__SUPPLIED DATA__.
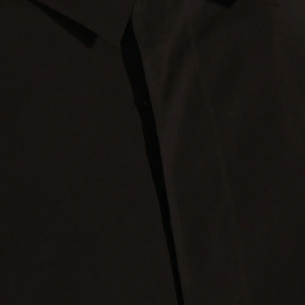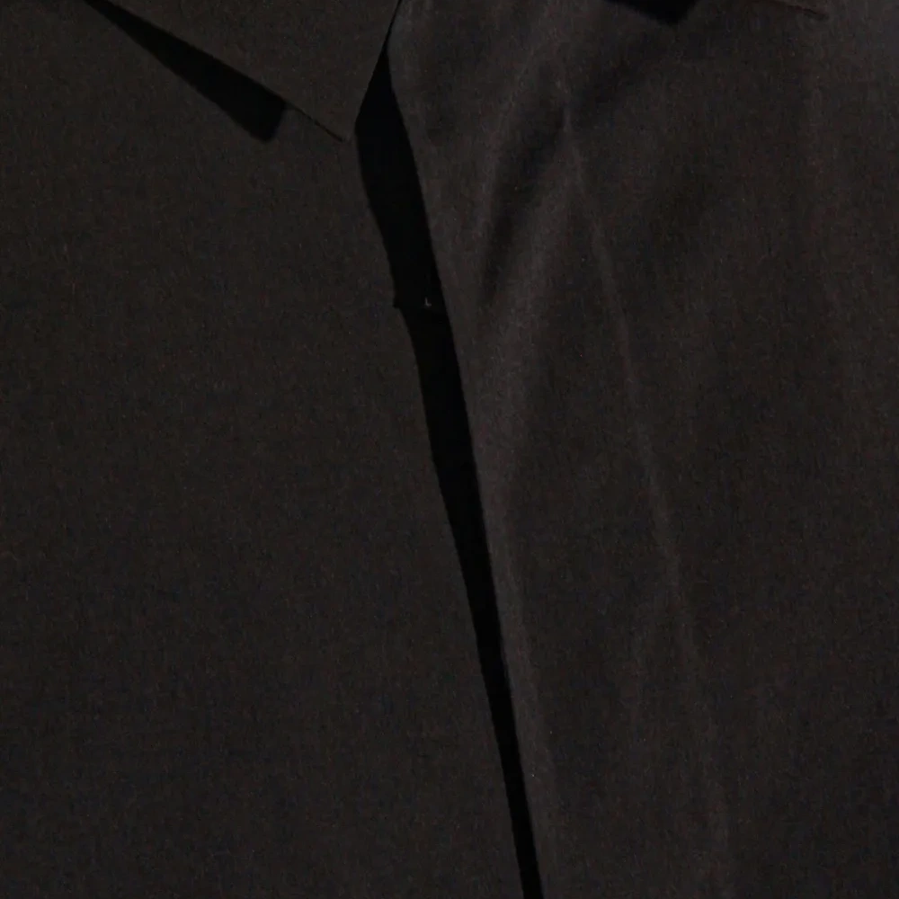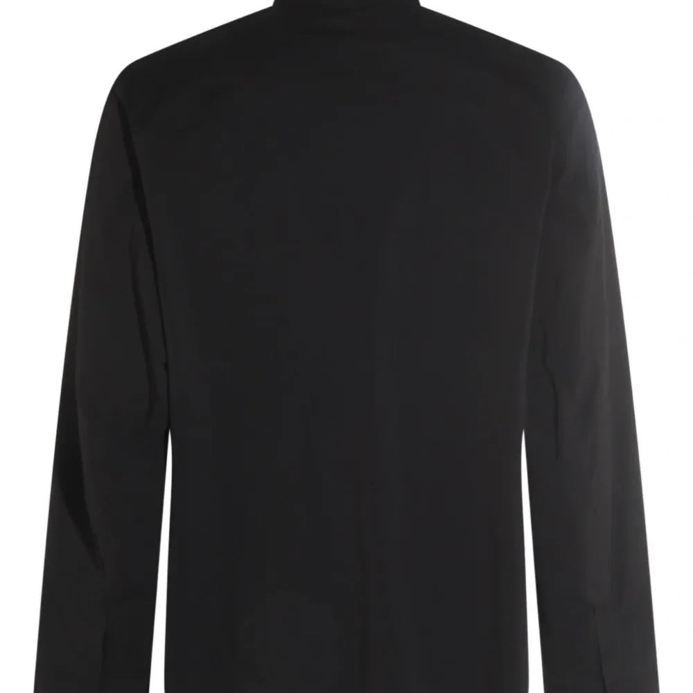 чёрная рубашка с длинными рукавами, застёжкой на пуговицы, отложным воротником и прямым подолом
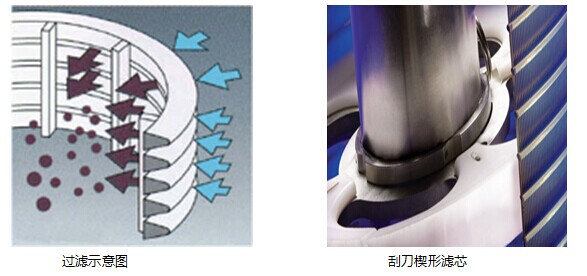 過(guò)濾器過(guò)濾單元采用V型設(shè)計(jì),流體能在壓力的推動(dòng)下,透過(guò)楔形濾芯表層,壓力逐漸增大,過(guò)濾精度也緩慢的提高,固體顆粒將被攔截濾芯表面,澄清的液體將從殼體排放,進(jìn)入下一道工序。
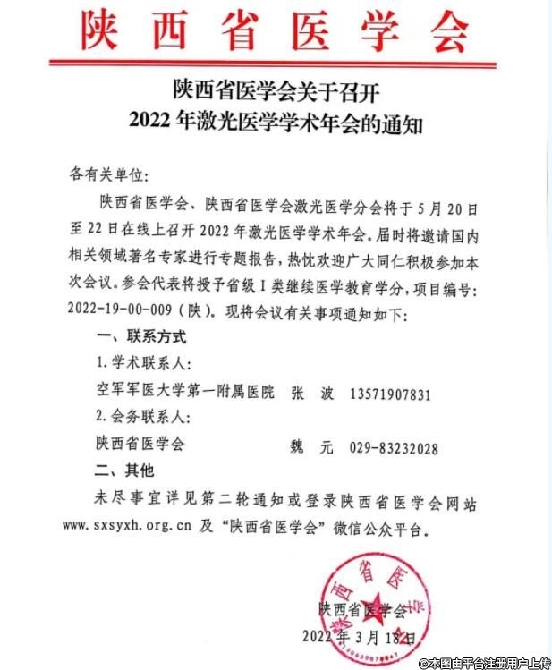 陜西省醫(yī)學(xué)會(huì)、陜西省醫(yī)學(xué)會(huì)激光醫(yī)學(xué)分會(huì)將于5月20日至22日在線上召開(kāi)2022年激光醫(yī)學(xué)學(xué)術(shù)年會(huì)。屆時(shí)將邀請(qǐng)國(guó)內(nèi)相關(guān)領(lǐng)域著名專家進(jìn)行專題報(bào)告,熱忱歡迎廣大同仁積極參加本次會(huì)議。參會(huì)代表將授予省級(jí)I類(lèi)繼續(xù)醫(yī)學(xué)教育學(xué)分,項(xiàng)目編號(hào):2022-19-00-009(陜)?,F(xiàn)將會(huì)議有關(guān)事項(xiàng)通知如下:

__TASK TO COMPLETE__. Give the listing above again exactly, minus any images.

__RESULT FOR THIS TASK__.
 чёрная рубашка с длинными рукавами, застёжкой на пуговицы, отложным воротником и прямым подолом
 過(guò)濾器過(guò)濾單元采用V型設(shè)計(jì),流體能在壓力的推動(dòng)下,透過(guò)楔形濾芯表層,壓力逐漸增大,過(guò)濾精度也緩慢的提高,固體顆粒將被攔截濾芯表面,澄清的液體將從殼體排放,進(jìn)入下一道工序。
 陜西省醫(yī)學(xué)會(huì)、陜西省醫(yī)學(xué)會(huì)激光醫(yī)學(xué)分會(huì)將于5月20日至22日在線上召開(kāi)2022年激光醫(yī)學(xué)學(xué)術(shù)年會(huì)。屆時(shí)將邀請(qǐng)國(guó)內(nèi)相關(guān)領(lǐng)域著名專家進(jìn)行專題報(bào)告,熱忱歡迎廣大同仁積極參加本次會(huì)議。參會(huì)代表將授予省級(jí)I類(lèi)繼續(xù)醫(yī)學(xué)教育學(xué)分,項(xiàng)目編號(hào):2022-19-00-009(陜)?,F(xiàn)將會(huì)議有關(guān)事項(xiàng)通知如下:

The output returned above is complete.